### MATERIAL FOR THIS TASK ###

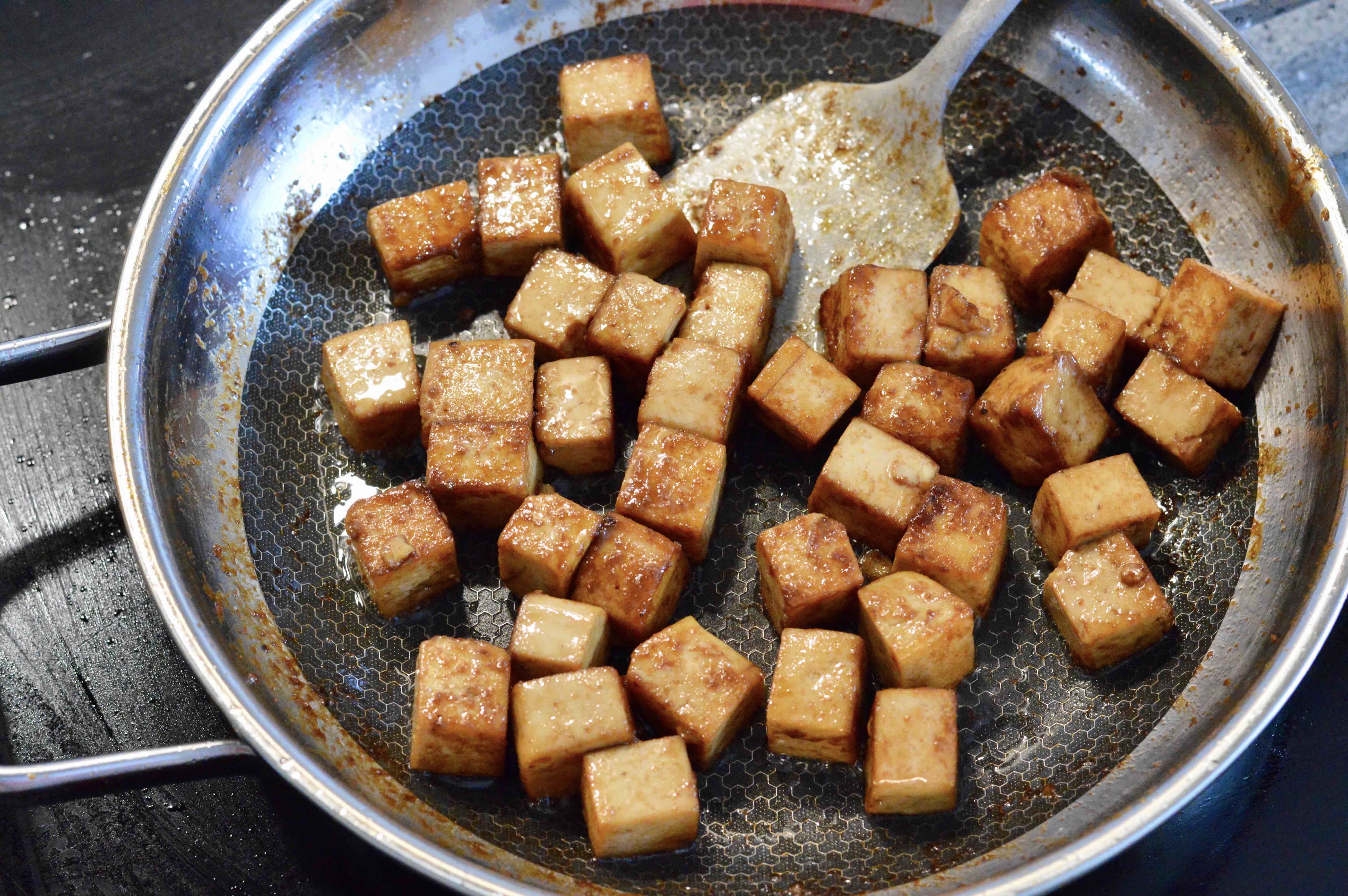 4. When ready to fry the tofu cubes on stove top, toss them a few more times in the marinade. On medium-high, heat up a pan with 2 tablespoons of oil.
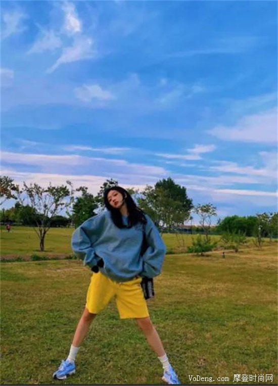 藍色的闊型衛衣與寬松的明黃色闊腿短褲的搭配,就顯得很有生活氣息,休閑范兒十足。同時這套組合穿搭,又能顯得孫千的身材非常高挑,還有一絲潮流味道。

###
### MATERIAL FOR THIS TASK ###

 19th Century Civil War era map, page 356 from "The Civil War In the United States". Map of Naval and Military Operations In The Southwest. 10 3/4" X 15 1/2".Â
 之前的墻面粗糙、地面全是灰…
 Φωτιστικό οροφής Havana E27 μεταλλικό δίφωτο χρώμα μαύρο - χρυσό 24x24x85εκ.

###
### MATERIAL FOR THIS TASK ###

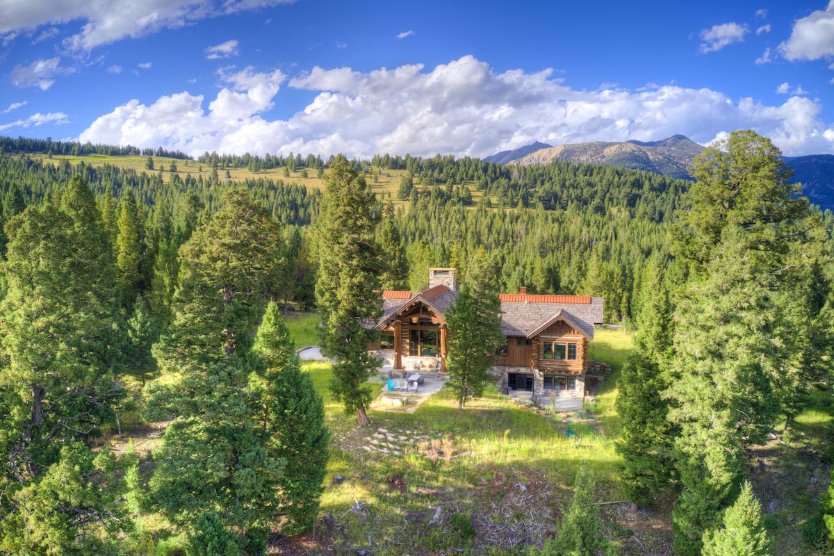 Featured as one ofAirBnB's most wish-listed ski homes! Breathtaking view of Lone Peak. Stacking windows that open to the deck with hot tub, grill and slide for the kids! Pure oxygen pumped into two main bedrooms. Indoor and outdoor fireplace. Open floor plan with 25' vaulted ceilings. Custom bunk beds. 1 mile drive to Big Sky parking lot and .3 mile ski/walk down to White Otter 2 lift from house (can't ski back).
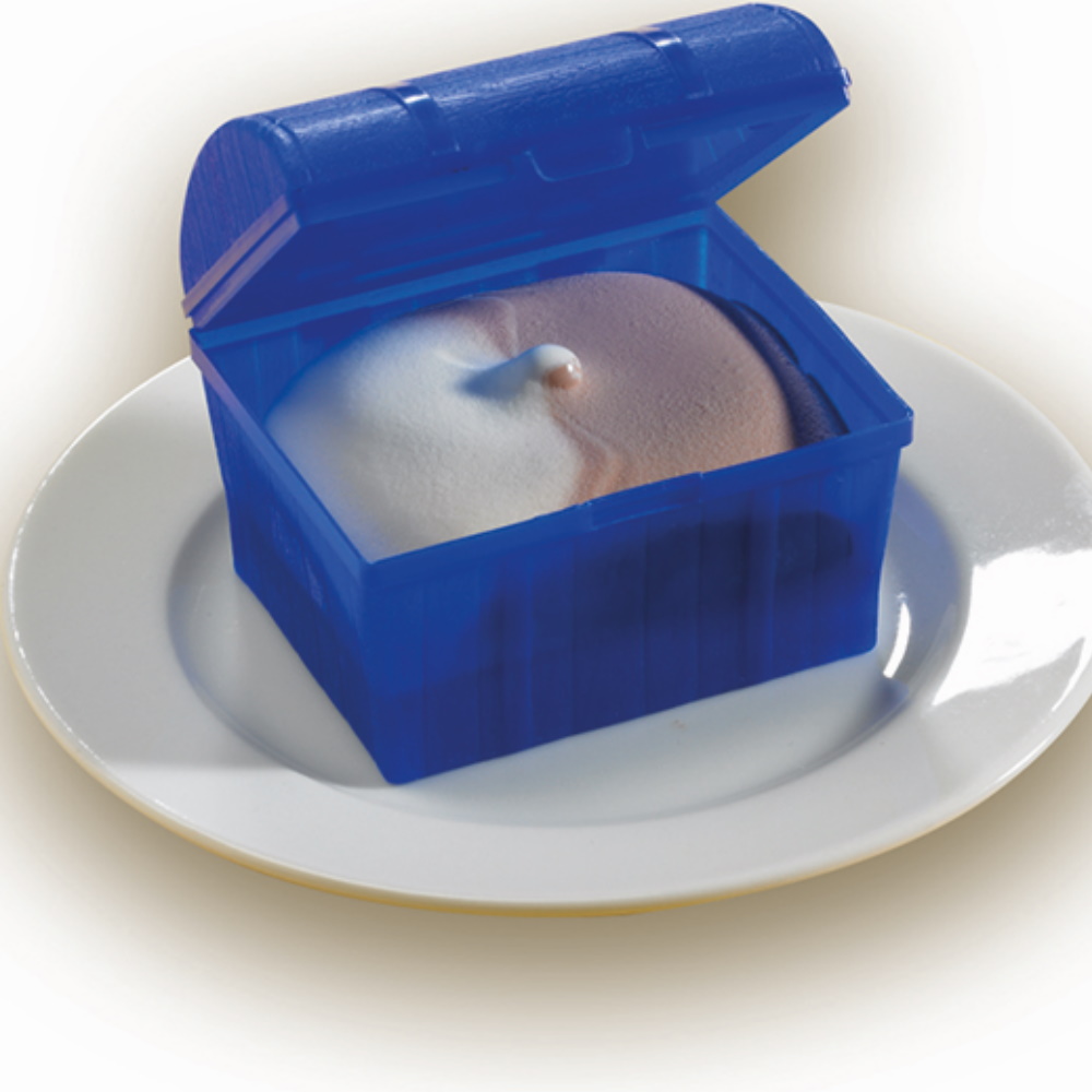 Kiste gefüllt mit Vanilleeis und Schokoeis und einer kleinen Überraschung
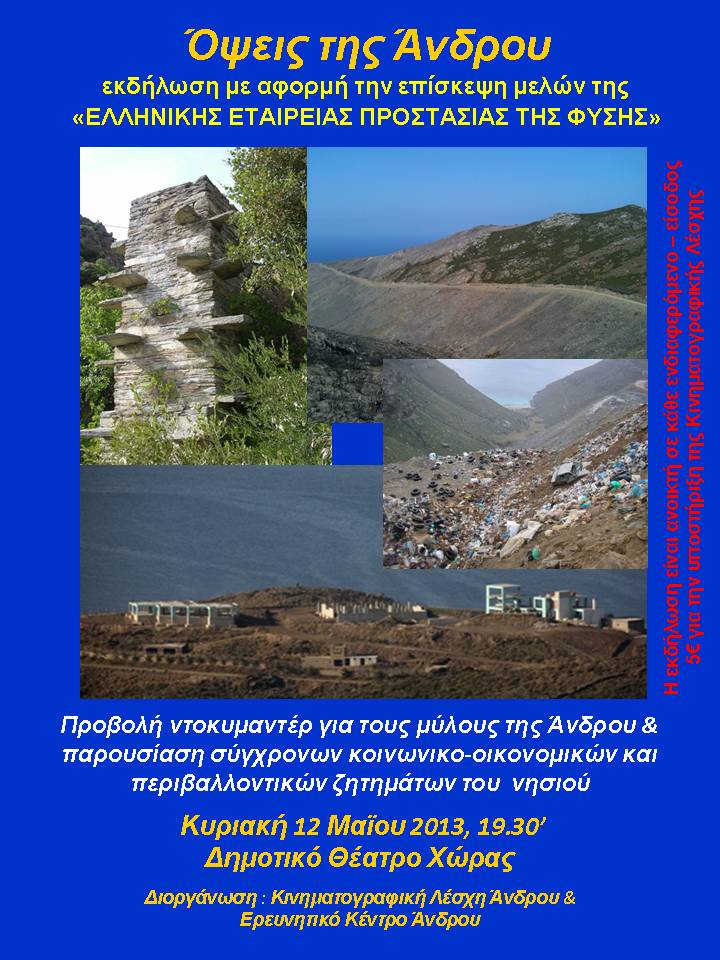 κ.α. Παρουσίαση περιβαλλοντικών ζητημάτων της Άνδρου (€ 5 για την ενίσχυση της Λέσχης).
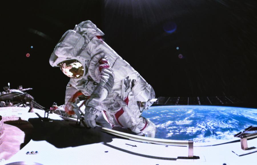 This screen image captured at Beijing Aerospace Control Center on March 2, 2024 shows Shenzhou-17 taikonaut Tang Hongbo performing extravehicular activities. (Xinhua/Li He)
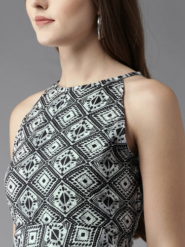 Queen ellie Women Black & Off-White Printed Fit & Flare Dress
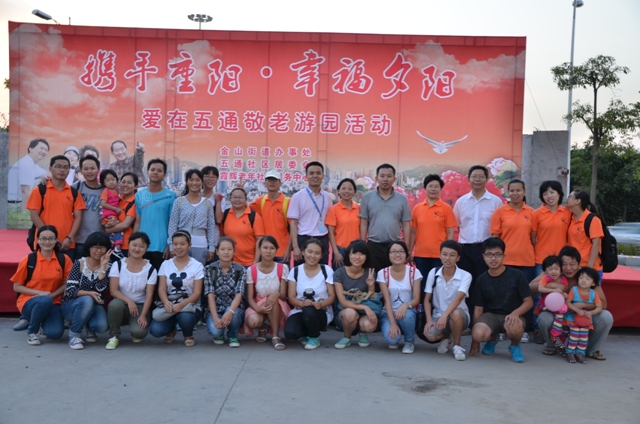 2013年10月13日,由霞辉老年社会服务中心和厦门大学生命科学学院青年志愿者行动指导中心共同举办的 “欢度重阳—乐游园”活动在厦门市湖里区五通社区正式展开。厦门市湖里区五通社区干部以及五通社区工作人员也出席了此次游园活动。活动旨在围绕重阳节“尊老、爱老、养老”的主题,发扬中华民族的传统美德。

###

EXERCISE BRIEF:
Produce only the lines from the line containing "19th Century Civil" through the line containing "Φωτιστικό οροφής Havana", inclusive of both, exactly as they stand in the entries above.

TASK SOLUTION:
 19th Century Civil War era map, page 356 from "The Civil War In the United States". Map of Naval and Military Operations In The Southwest. 10 3/4" X 15 1/2".Â
 之前的墻面粗糙、地面全是灰…
 Φωτιστικό οροφής Havana E27 μεταλλικό δίφωτο χρώμα μαύρο - χρυσό 24x24x85εκ.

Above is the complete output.